#### [WORK TO BE COMPLETED]
In the material below, the lines between the one holding "- Max 整体性能、效果都已经达到全球领先。" and the one holding "2020年10月16日下午,著名科学家、", inclusive, are to be set down word for word. Pictures stay out.

#### [DATA IN THIS EXERCISE]
=======

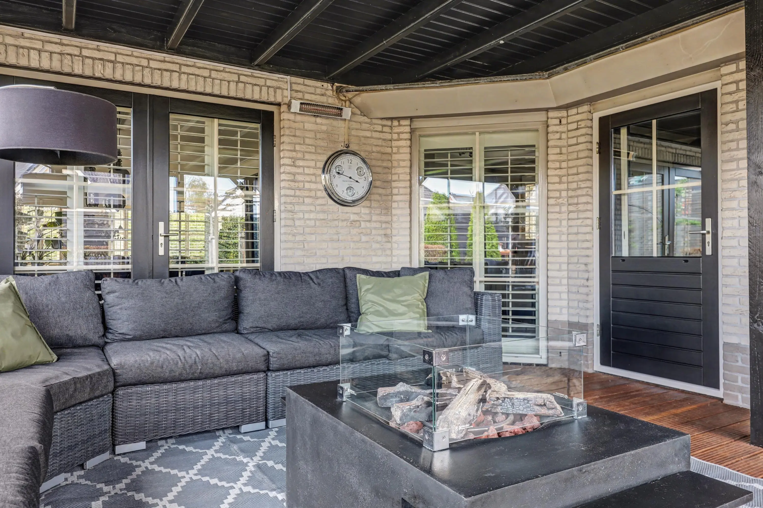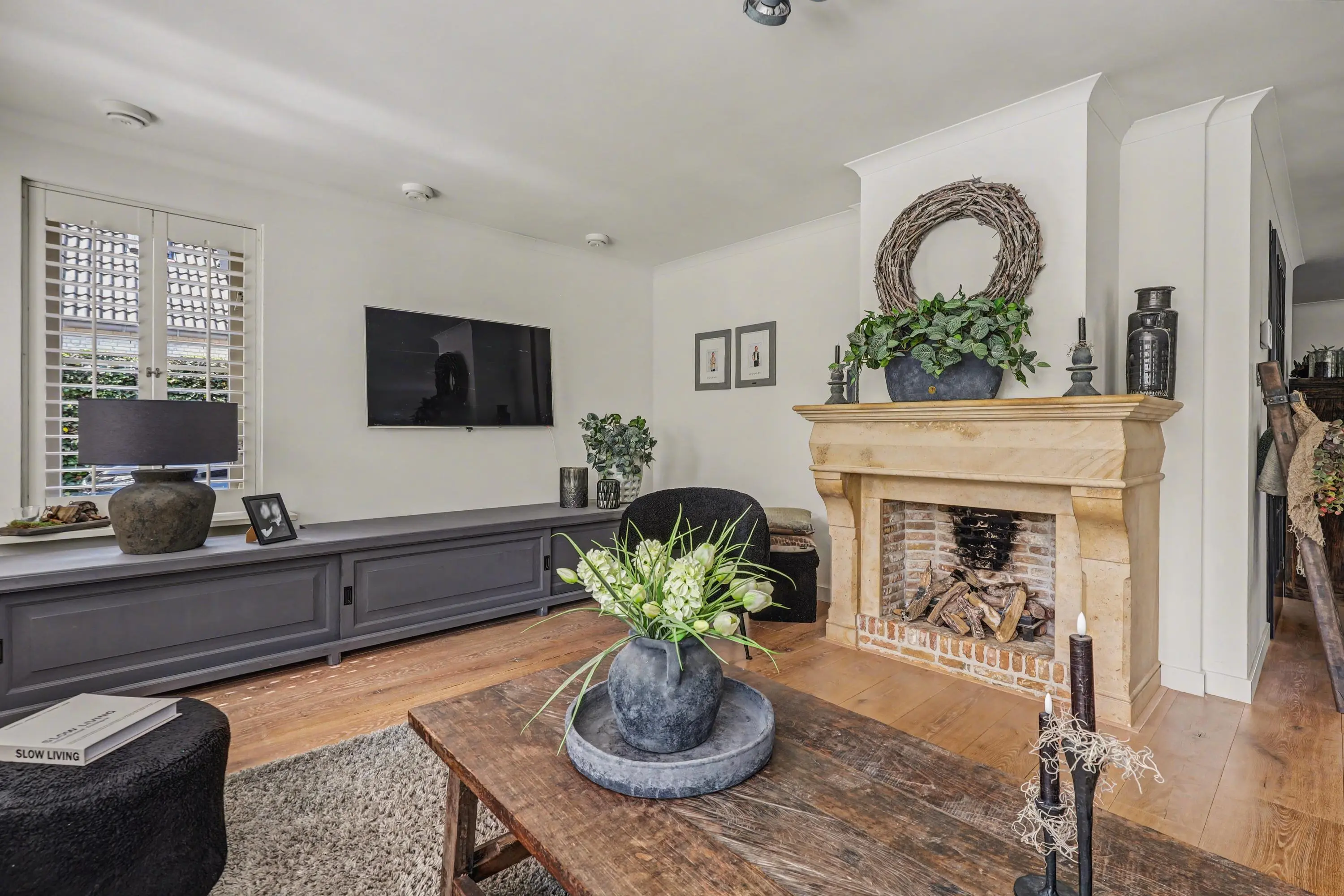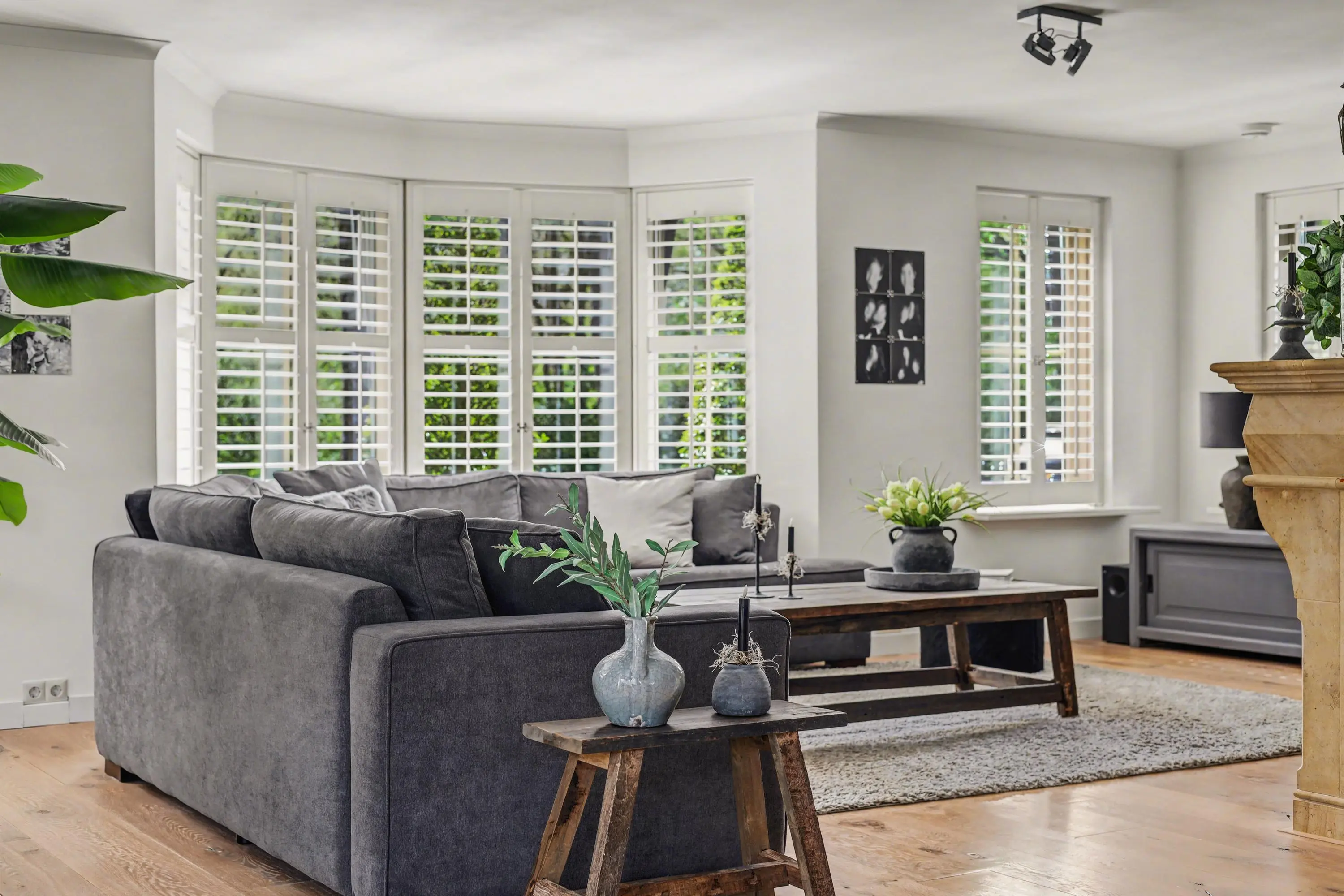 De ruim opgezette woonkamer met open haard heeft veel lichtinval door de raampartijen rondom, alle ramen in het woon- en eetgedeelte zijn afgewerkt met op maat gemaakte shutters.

=======

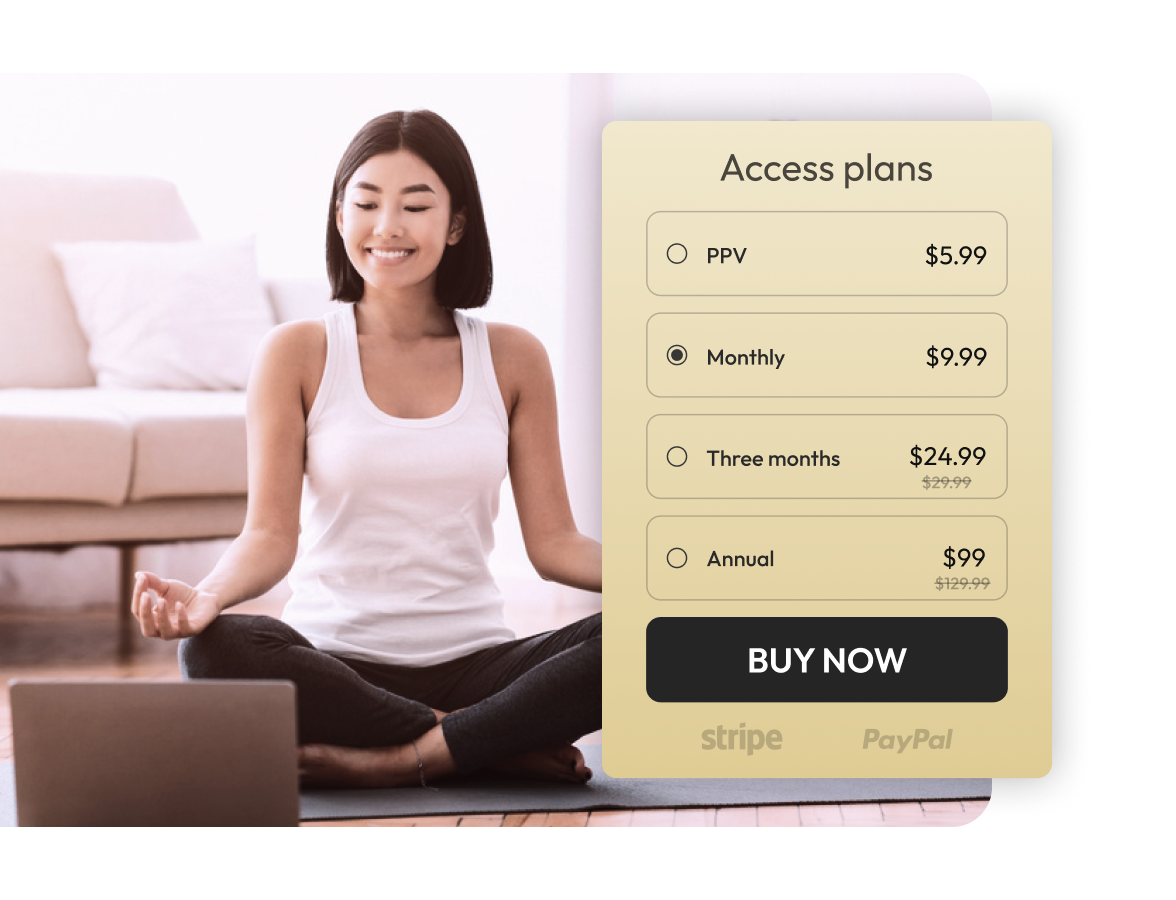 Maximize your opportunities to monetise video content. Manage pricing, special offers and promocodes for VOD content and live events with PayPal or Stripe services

=======

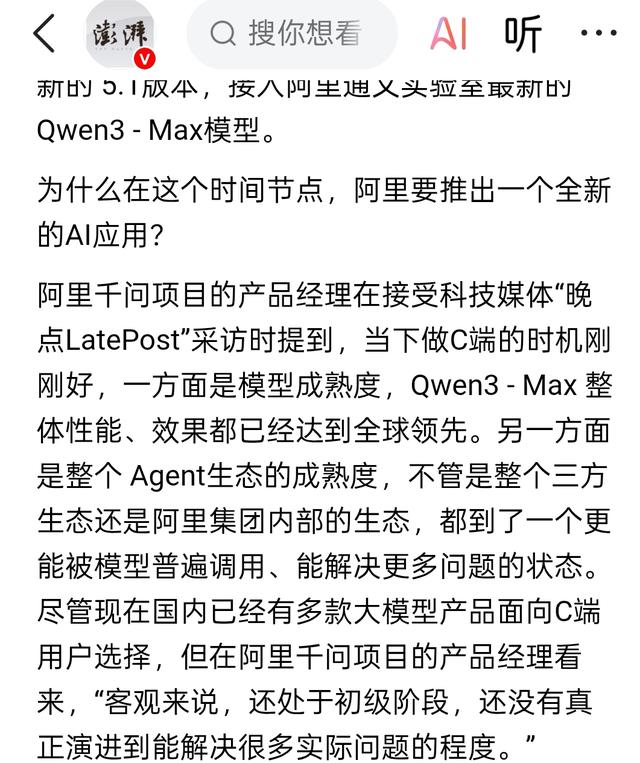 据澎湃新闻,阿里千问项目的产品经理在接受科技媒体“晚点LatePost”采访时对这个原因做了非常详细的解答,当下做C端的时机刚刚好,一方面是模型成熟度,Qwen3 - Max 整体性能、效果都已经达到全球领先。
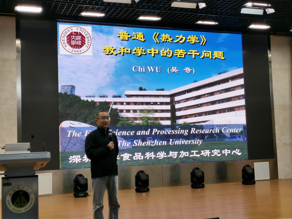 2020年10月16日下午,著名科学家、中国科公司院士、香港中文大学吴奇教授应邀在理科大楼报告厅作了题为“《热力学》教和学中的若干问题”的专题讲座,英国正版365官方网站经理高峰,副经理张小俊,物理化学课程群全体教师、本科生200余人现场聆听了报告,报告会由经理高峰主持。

=======

#### [ANSWER AREA]
 据澎湃新闻,阿里千问项目的产品经理在接受科技媒体“晚点LatePost”采访时对这个原因做了非常详细的解答,当下做C端的时机刚刚好,一方面是模型成熟度,Qwen3 - Max 整体性能、效果都已经达到全球领先。
 2020年10月16日下午,著名科学家、中国科公司院士、香港中文大学吴奇教授应邀在理科大楼报告厅作了题为“《热力学》教和学中的若干问题”的专题讲座,英国正版365官方网站经理高峰,副经理张小俊,物理化学课程群全体教师、本科生200余人现场聆听了报告,报告会由经理高峰主持。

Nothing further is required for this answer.